## What is required:
Your answer must be a word-for-word copy of the listing below, minus its pictures.

## Dataset extract:
╔══

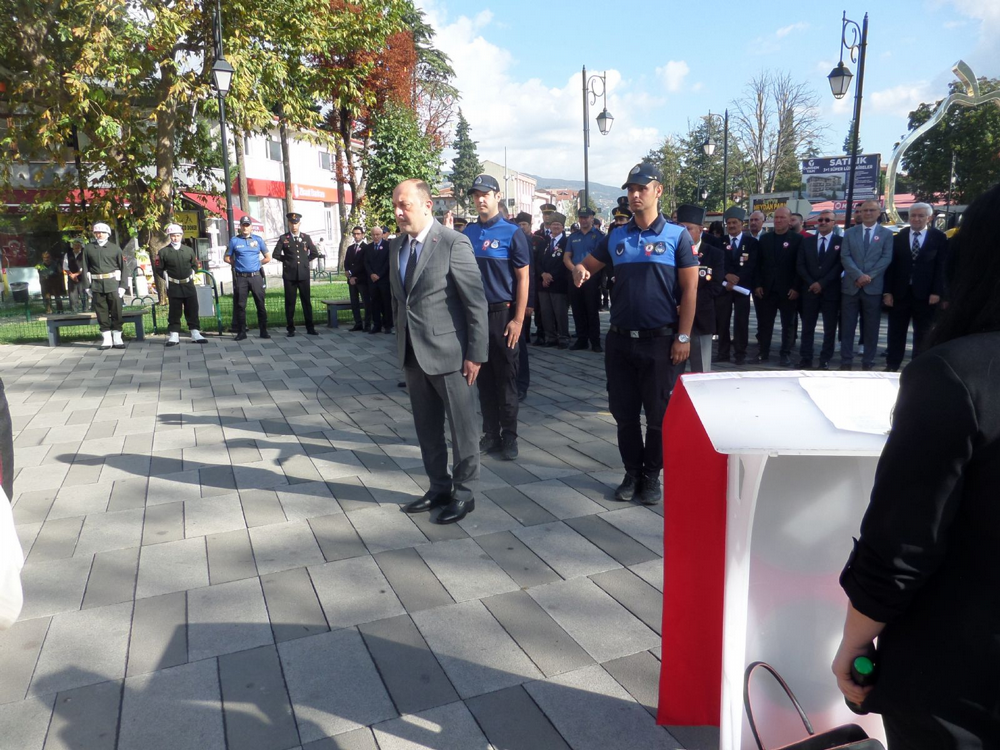 Tören, saygı duruşu ve İstiklal Marşı'nın okunmasıyla başladı. Ardından İlçe Kaymakamı Murat Güven, Garnizon Komutanı Personel Üsteğmen Latif Altun, Belediye Başkanı Selçuk Yıldız ve Muharip Gaziler Derneği Başkanı Ekrem Uysal, Atatürk anıtına çelenk sundu.
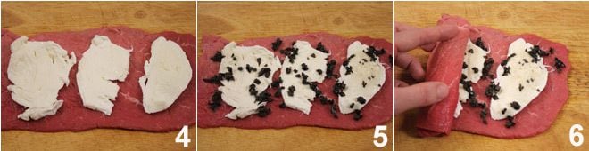 Legen Sie auf jede Fleischscheibe 2/3 gut abgetropfte Mozzarellascheiben 4, verteilen Sie die gehackten Oliven 5 und rollen Sie das Fleisch von der kürzeren Seite her auf, wie ein Roulade 6.
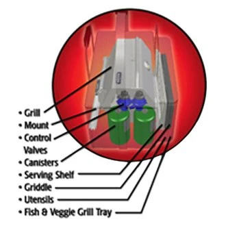 - Large External Compartment Stores up to (3) Disposable 1-lb. Fuel Canisters
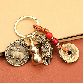 ✨Móc Treo Khóa Xe Đồng Tiền Tết Nguyên Đán 2023 Bát Quái Hình Thỏ Dây Đồng Xu Ngũ Đế Phong Thủy Legaxi
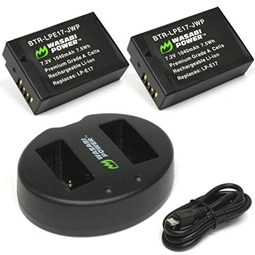 Wasabi Power LP-E17 Battery (2-Pack) and Dual USB Charger for Canon EOS 77D, EOS 750D, EOS 760D, EOS 8000D, EOS M3, EOS M5, EOS M6, EOS Rebel T6i, EOS Rebel T6s, EOS Rebel T7i, Kiss X8i, EOS RP

╚══

## Response to the task:
 Tören, saygı duruşu ve İstiklal Marşı'nın okunmasıyla başladı. Ardından İlçe Kaymakamı Murat Güven, Garnizon Komutanı Personel Üsteğmen Latif Altun, Belediye Başkanı Selçuk Yıldız ve Muharip Gaziler Derneği Başkanı Ekrem Uysal, Atatürk anıtına çelenk sundu.
 Legen Sie auf jede Fleischscheibe 2/3 gut abgetropfte Mozzarellascheiben 4, verteilen Sie die gehackten Oliven 5 und rollen Sie das Fleisch von der kürzeren Seite her auf, wie ein Roulade 6.
 - Large External Compartment Stores up to (3) Disposable 1-lb. Fuel Canisters
 ✨Móc Treo Khóa Xe Đồng Tiền Tết Nguyên Đán 2023 Bát Quái Hình Thỏ Dây Đồng Xu Ngũ Đế Phong Thủy Legaxi
 Wasabi Power LP-E17 Battery (2-Pack) and Dual USB Charger for Canon EOS 77D, EOS 750D, EOS 760D, EOS 8000D, EOS M3, EOS M5, EOS M6, EOS Rebel T6i, EOS Rebel T6s, EOS Rebel T7i, Kiss X8i, EOS RP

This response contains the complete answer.